On y analyse le contre-transfert, les résonances psychiques, les enjeux relationnels et les risques de confusion entre soi et l'autre. C’est un espace de croissance indispensable pour toute personne souhaitant devenir psychothérapeute, quel que soit son courant : psychanalyse, TCC, systémique, Gestalt ou modèle intégratif. La supervision aide à maintenir une posture psychothérapeutique rigoureuse, respectueuse du titre de psychothérapeute quand il est d’usage, et garante du cadre thérapeutique.
Les approches comportementales et TCC sont plus directes, parfois éducatives ; la psychanalyse active ou l’analyse psychodynamique misent sur l’écoute, le transfert et l’après-coup ; les thérapies intégratives, transactionnelles, humanistes ou systémiques mobilisent parfois la subjectivité du thérapeute comme levier. L'objectif ne change pas : guérir et soutenir la transformation psychique.
Ce qui évolue, c’est le rythme, le degré d’interaction et la manière de s’impliquer sans saturer l’espace psychothérapeutique.
La neutralité ajustée reste un fil conducteur.

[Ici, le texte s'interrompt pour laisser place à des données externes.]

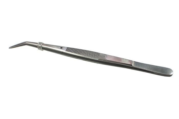 Пинцет стоматологический изогнутый Пси (150 х 0,8) с узкими губками, изогнутыми по ребру, применяется при различных манипуляциях в ротовой полости. Изготовлен из нержавеющей стали. Длина 150 мм, ширина рабочей части 0,8 мм.

Intervenir trop vite peut court-circuiter le processus inconscient ; se taire toujours peut figer la personne. La présence ajustée, chère aux auteurs psychodynamiques, consiste à être là sans prendre toute la place, à accompagner sans "guider", à ouvrir des pistes sans forcer la guérison. Cela demande une solide formation, une culture clinique, une supervision régulière et une conscience fine du psychisme et des mécanismes défensifs, qu’ils soient névrotiques, traumatiques ou narcissiques.